* Problem requirements: The expected response is the full listing, retyped exactly, without its images.

* Information supplied:
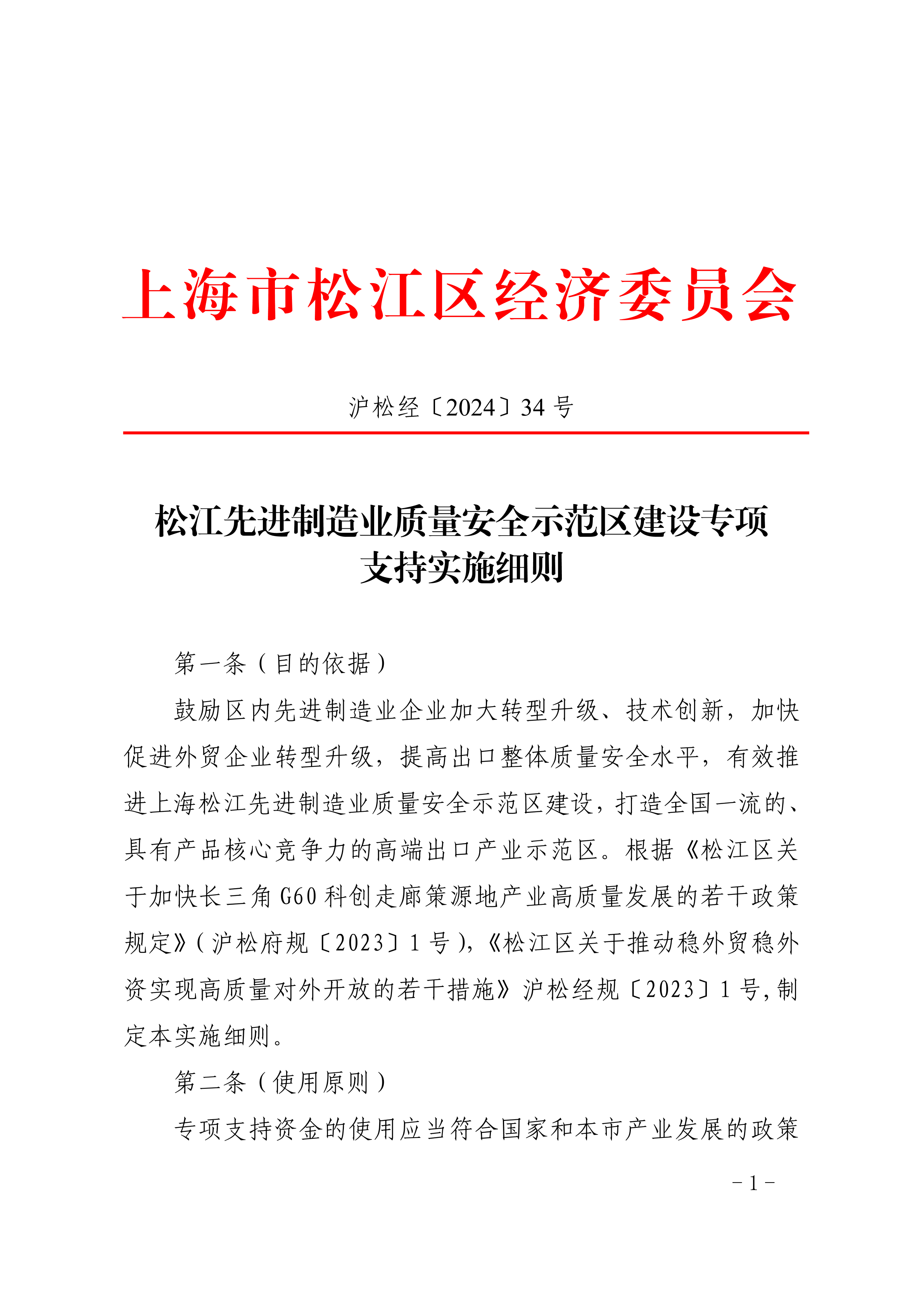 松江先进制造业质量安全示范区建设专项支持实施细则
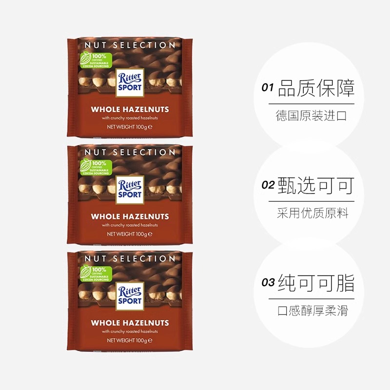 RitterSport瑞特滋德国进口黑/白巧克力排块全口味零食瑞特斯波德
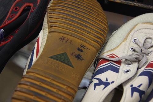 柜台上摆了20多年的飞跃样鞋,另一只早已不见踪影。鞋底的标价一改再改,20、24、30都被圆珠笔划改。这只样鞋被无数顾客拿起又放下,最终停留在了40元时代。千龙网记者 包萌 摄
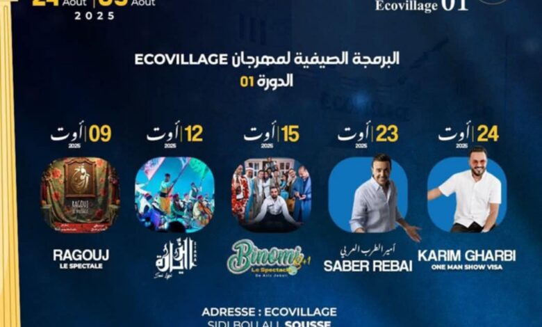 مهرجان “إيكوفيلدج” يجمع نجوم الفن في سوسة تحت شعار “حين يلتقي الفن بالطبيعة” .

* Exercise output:
 松江先进制造业质量安全示范区建设专项支持实施细则
 RitterSport瑞特滋德国进口黑/白巧克力排块全口味零食瑞特斯波德
 柜台上摆了20多年的飞跃样鞋,另一只早已不见踪影。鞋底的标价一改再改,20、24、30都被圆珠笔划改。这只样鞋被无数顾客拿起又放下,最终停留在了40元时代。千龙网记者 包萌 摄
 مهرجان “إيكوفيلدج” يجمع نجوم الفن في سوسة تحت شعار “حين يلتقي الفن بالطبيعة” .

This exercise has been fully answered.